Körperliches Wohlbefinden
- Bewegung: Bewegung ist ein einfacher und effektiver Weg, um überschüssiges Cortisol abzubauen und ausgeglichen zu bleiben. Durch körperliche Aktivität wird der Stoffwechsel angeregt, wodurch Stresshormone schneller abgebaut werden. Ein Spaziergang an der frischen Luft oder ein intensives Training im Fitnessstudio können helfen, den Kopf frei zu bekommen.
- Ernährung: Achten Sie auf Ihren Lebensrhythmus, ausreichend Schlaf und vernünftige Ernährung. Ein stabiler Blutzuckerspiegel durch regelmäßige, ausgewogene Mahlzeiten verhindert Energietiefs und Unruhe. Meiden Sie Psychopharmaka und übermäßigen Kaffee-, Tee- oder Zigarettenkonsum.
- Schlaf: Ausreichend Schlaf vor der Klausur ist unerlässlich für eine optimale Denkfähigkeit.
- Körperhaltung: Vor allem bei mündlichen Prüfungen, Lehrproben oder dem Staatsexamen kann deine Körperhaltung einen entscheidenden Unterschied machen - nicht nur in der Wahrnehmung der anderen, sondern auch in deinem eigenen Empfinden. Eine aufrechte Haltung und eine klare Stimme signalisieren Selbstsicherheit, auch wenn du innerlich aufgeregt bist. Bei Präsentationen oder Vorträgen hilft es, die Stimme aktiv einzusetzen, damit sie nicht versagt. Sprich laut und deutlich, atme ruhig und kontrolliert.
Umgang mit Misserfolg
- Analyse: Suchen Sie nach Gründen für den Misserfolg: Waren Sie unkonzentriert?
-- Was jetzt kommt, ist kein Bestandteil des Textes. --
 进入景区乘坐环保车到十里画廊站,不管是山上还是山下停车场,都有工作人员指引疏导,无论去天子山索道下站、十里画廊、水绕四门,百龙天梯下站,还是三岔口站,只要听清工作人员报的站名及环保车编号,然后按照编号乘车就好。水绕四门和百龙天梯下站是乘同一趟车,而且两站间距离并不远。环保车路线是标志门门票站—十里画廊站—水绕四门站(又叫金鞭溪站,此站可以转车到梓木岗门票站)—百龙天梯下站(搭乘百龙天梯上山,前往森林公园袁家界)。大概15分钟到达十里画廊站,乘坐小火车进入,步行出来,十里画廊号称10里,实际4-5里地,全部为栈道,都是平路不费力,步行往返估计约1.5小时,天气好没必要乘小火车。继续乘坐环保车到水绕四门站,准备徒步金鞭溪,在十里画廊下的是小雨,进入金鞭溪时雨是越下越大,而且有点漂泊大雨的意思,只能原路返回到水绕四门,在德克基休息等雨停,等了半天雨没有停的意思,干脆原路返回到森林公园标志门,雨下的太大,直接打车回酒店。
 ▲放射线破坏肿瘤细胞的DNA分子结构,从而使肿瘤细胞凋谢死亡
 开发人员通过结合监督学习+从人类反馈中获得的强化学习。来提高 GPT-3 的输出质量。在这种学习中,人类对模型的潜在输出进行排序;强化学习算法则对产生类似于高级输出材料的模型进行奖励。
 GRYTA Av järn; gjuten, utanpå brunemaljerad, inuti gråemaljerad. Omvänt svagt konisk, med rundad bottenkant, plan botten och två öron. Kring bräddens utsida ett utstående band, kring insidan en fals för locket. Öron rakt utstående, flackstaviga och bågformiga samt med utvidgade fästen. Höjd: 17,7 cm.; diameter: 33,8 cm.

Waren sie nicht ausreichend vorbereitet? Waren sie falsch vorbereitet? Waren es andere Gründe? Gehen sie diese Gründe gezielt an.
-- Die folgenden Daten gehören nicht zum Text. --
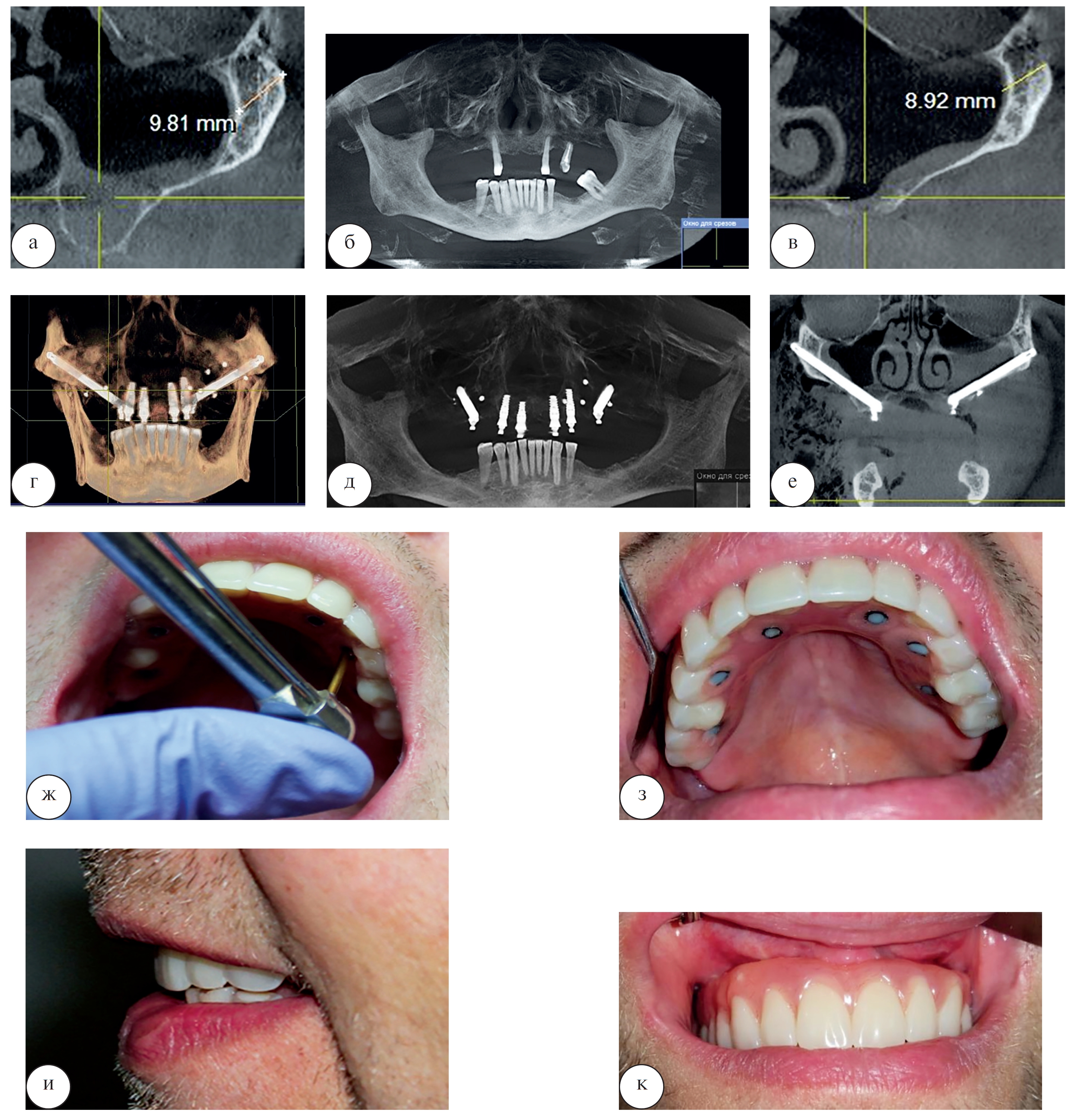 Рис. 13. Стоматологическая реабилитация пациента Х. 58 лет с использованием скуловых имплантатов: а, б, в – срезы компьютерной томограммы до начала лечения; г, д, е – срезы компьютерной томограммы после лечения; ж – фиксация условно-съемного протеза в полости рта через 24 часа после операции; з – вид ортопедической конструкции в полости рта; и, к – контрольный осмотр через 2 года после завершения лечения

- Gespräche: Legen Sie Ihren Gesprächspartnern die Gründe für Ihren Misserfolg dar. Legen Sie Ihre Lösungsstrategie dar. Legen sie auch, besonders im Falle der Eltern, Ihre Befürchtungen dar. Vielleicht sind sie unbegründet.
- Selbstakzeptanz: Misserfolg in einer Prüfung macht Sie nicht zum Versager. Das Gefühl von Scham wird abklingen. Beurteilen Sie sich selber nicht abwertend. Gehen Sie unterstützend und hilfreich mit sich um, dann schneiden Sie in der Wiederholung der Prüfung besser ab.
- Perspektive: Keine Panik! Auch wenn Sie die aktuelle Prüfung nicht hervorragend bestehen, hängt Ihr Lebensglück nicht davon ab. Lenken Sie ihre Konzentration zurück auf die Prüfung. Eine verhauene Prüfung ist nicht das Ende der Welt. Sie können trotzdem wieder Erfolg haben! Sie machen diese Prüfung nicht für Eltern oder Freunde, sondern für sich.
Professionelle Hilfe
- Psychosoziale Dienste: Hilfe finden Studierende beim psychosozialen Dienst ihrer Universität.
- Verhaltenstherapie: Geeigneter ist eine Verhaltenstherapie, bei der Therapeut und Betroffener Prüfungsszenen in der Vorstellung durchspielen, oder eine Trainingsmethode, bei der man sich durch äußere Reize von der Angst abzulenken lernt.
- Metakognitives Training: Beim „Metakognitiven Training“ lernt der Patient Techniken, den Zustand der fehlgesteuerten Aufmerksamkeit zu verlassen. „Die Aufmerksamkeit wird nicht auf physiologische Veränderungen gelenkt, sondern auf einen externen Reiz, beispielsweise ein Wort.“ Dadurch wird die Beobachtung der eigenen Person unterbrochen, und die Aufmerksamkeit kann sich wieder auf die Prüfung richten.